R - Entendo que o governo não tem moral para tachar a atitude do presidente da Câmara de inconstitucional. O governo brasileiro, não só este como os demais que o antecederam, foram absolutamente inconstitucionais e isso eu já manifestei ao presidente Lula por ocasião da posse do ministro Nelson Jobim na Presidência do STF. Naquela ocasião, eu afirmei que o valor do salário mínimo era inconstitucional e que esse país é um país profundamente inconstitucional, pois não respeita as suas regras maiores, previstas na Constituição brasileira. Nem as cláusulas pétreas são respeitadas pelo governo. E não é o governo agora que terá a autoridade moral para dizer que o presidente da Câmara está tomando uma medida inconstitucional. O governo deveria pensar em melhorar o valor do salário mínimo, reduzir a exclusão social, melhorar os níveis de emprego, a aplicação de verbas nas áreas assistenciais, fazer com que a corrupção neste país tenha realmente fim. O governo deveria respeitar o princípio republicano da equidistância entre os Poderes, da harmonia e do equilíbrio entre os Poderes Executivo, Legislativo e Judiciário.

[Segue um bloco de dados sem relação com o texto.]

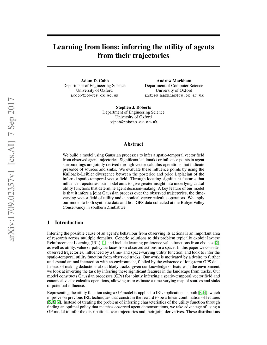 We build a model using Gaussian processes to infer a spatio-temporal vector field from observed agent trajectories. Significant landmarks or influence points in agent surroundings are jointly derived through vector calculus operations that indicate presence of sources and sinks. We evaluate these influence points by using the Kullback-Leibler divergence between the posterior and prior Laplacian of the inferred spatio-temporal vector field. Through locating significant features that influence trajectories, our model aims to give greater insight into underlying causal utility functions that determine agent decision-making. A key feature of our model is that it infers a joint Gaussian process over the observed trajectories, the time-varying vector field of utility and canonical vector calculus operators. We apply our model to both synthetic data and lion GPS data collected at the Bubye Valley Conservancy in southern Zimbabwe.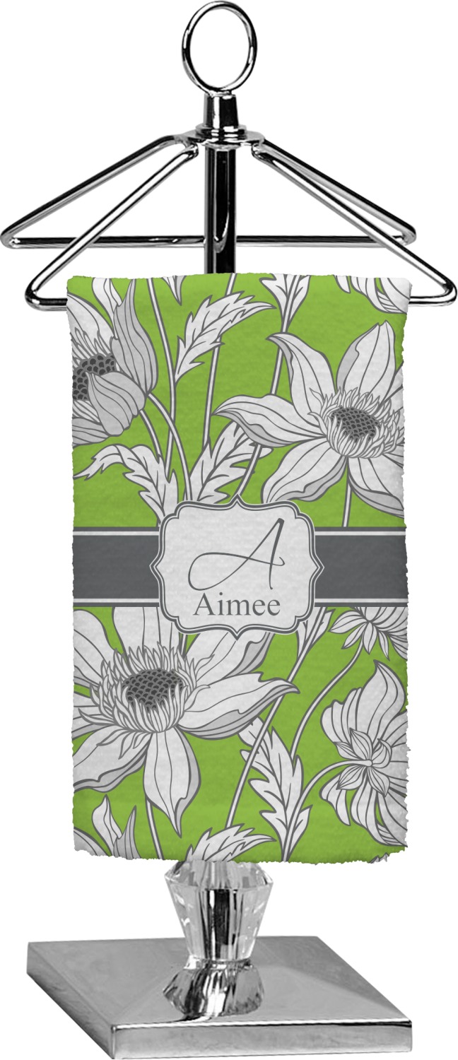 Sketches of long stem white daisies outlined in gray spring to life up against a green background. A white trimmed gray ribbon coordinates with a decorative label to showcase the personalization of your choice.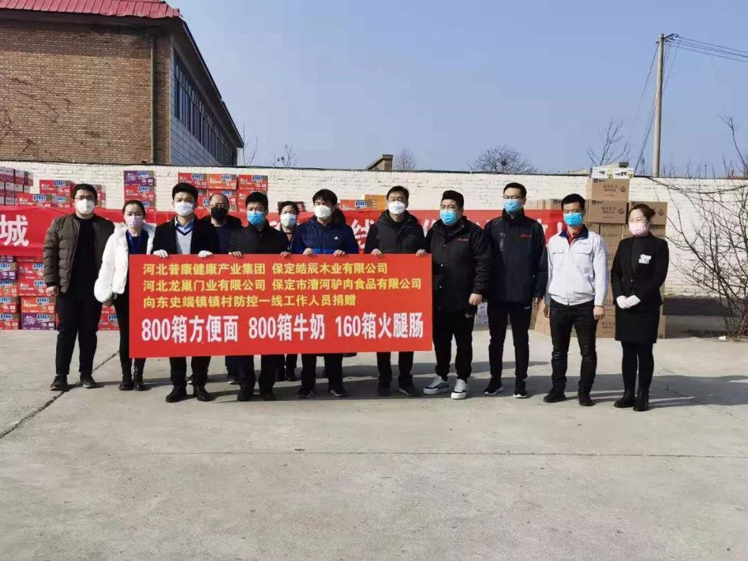 困難時刻顯擔(dān)當(dāng),關(guān)鍵時刻敢沖鋒,哪里有需要,哪里就能看見黨旗在飄揚。在這舉國戰(zhàn)“疫”的緊要關(guān)頭,普康健康產(chǎn)業(yè)集團、皓辰木業(yè)有限公司、龍巢門業(yè)、漕河驢肉食品有限公司四家愛心企業(yè),積極響應(yīng),積極奉獻愛心、踐行社會責(zé)任,踴躍捐款捐物,于2月10日向東史端鎮(zhèn)防控一線工作人員捐贈800箱方便面,800箱牛奶,160箱火腿腸。這些物資將緊急發(fā)送至東史端鎮(zhèn)的15個村的防控監(jiān)測站。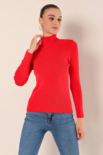 15825 Boğazlı Triko Kazak - Kırmızı
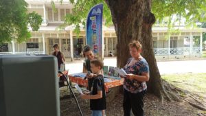 L’auteure de l’un ce ces romans de légende (Okai et Choda, livre lauréat en 2017), Evelyne André-Guidici, nous fit justement l’amitié de venir parler de son aventure de romancière, de parent d’élève et d’enseignante en rendant un hommage appuyé à l’opération Livre Mon Ami.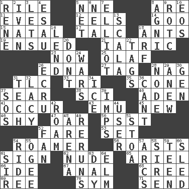 ACROSS 1. Cause heat under the collar 5. Compass dir. 8. "We ___ not amused" (Victoria) 11. Nights before holidays 12. Snakelike fish 14. Thick or sticky substance 15. Brizilian seaport 17. Baby powder 18. Pismires 19. Followed as a consequence or result 21. Of or pertaining to medicine 23. Immediately 25. Norwegian king 26. Pulitzer Prize-winning author Ferber 27. Label 28. Tired old horse 31. Affectionate concern, for short 33. Three (prefix) 35. Biscuitlike quick bread 37. Dry up 38. _-fi 40. An important port of Yemen 41. Come to pass 43. Australian flightless bird 45. ___ Haven, CT 46. Like a shrinking violet 47. Rowing implement 50. Inconspicuous attention getter 52. Conductor's collection 53. Put into a specified state 54. Nomad 56. Exposes to great heat 61. Public display of a written message 62. Naked 65. Satellite of Uranus 66. Binary compound 67. Of or related to the anus 68. Algonquian 69. Portuguese money of account (variant) 70. Symbol (abbr.) 71. Transmit DOWN 1. French philosopher Descartes 2. "Terrible" tsar 3. Allows 4. Son of Isaac 5. Fish or hair follower 6. Teachers' org. 7. American author Paul (1891-1958) 8. Hindu god of fire 9. College mil. group 10. Greek goddess of the dawn 13. Any of the three canals of the cochlea 16. Grant temporary use of 18. Sandy's bark 20. Do not 22. Labels 24. Armed conflicts 26. Shade of tan 28. Thickened enlargement 29. Afresh 30. Commissioned mil. rank 31. Technical 32. Made of lace 34. Frozen water 36. Patter 37. Distress signal 39. Naughty children 42. Wander aimlessly 44. One who makes use of a thing 48. Sports stadium 49. Summer TV shows 51. Portico 52. Avid follower 54. Travel on or in a vehicle 55. Double curve, resembling the letter S 57. Arches 58. The founder of a family 59. Adolescent 60. Downhill vehicle 61. Title for a knight 63. 24 hours 64. Shade tree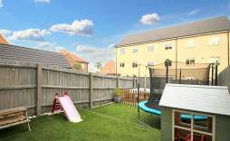 Outside - The rear garden is landscaped throughout containing porcelain grey slate tiles, artificial grass, and features a low picket fence to the rear that sections an entertaining space that benefits from porcelain grey slate tiled and a double socket for power. The garden also has a rear timber gate that allows access to the front of the property and to the detached single garage.

P - Então a declaração do presidente da Câmara dos Deputados tem o apoio da OAB?
R - O presidente da Câmara, Severino Cavalcanti, tem sim o apoio da Ordem neste sentido. É preciso pôr um basta nessas medidas provisórias editadas da forma como estão sendo, numa demonstração de desdém para com o sistema legal, num claro desdém ao povo brasileiro e ao princípio da moralidade.
P - Durante a campanha eleitoral para a Presidência da República, o presidente Lula se posicionou contrário à utilização de medidas provisórias. O que aconteceu com Lula, então, quando se tornou presidente?
R - O presidente Lula não honrou o compromisso que firmou com a Ordem, de não governar por meio de medidas provisórias. Ele havia nos dito, e assinou expressamente um compromisso, que não iria legislar através de medidas provisórias, mas não o fez. Parece-me que o presidente da República ou não tem vontade própria ou é refém de uma situação esdrúxula dentro do governo, que lhe obriga a agir de uma forma altamente contraditória com o seu estilo anterior de fazer política, com seu discurso enquanto ainda líder sindical, seu discurso enquanto constituinte, enquanto homem que tinha a intenção de reformular a essa forma de presidir o País. Na minha opinião, o presidente Lula tem que se decidir rapidamente. Ou ele volta a ser o que era, um líder de vanguarda e um homem de palavra, ou passa a aceitar essa situação de passividade perante o lado nebuloso do governo, que edita medidas provisórias com exagero, aumenta impostos, que diz uma coisa e faz outra, que aumenta os gastos públicos e não procura modificar esse estado de coisas.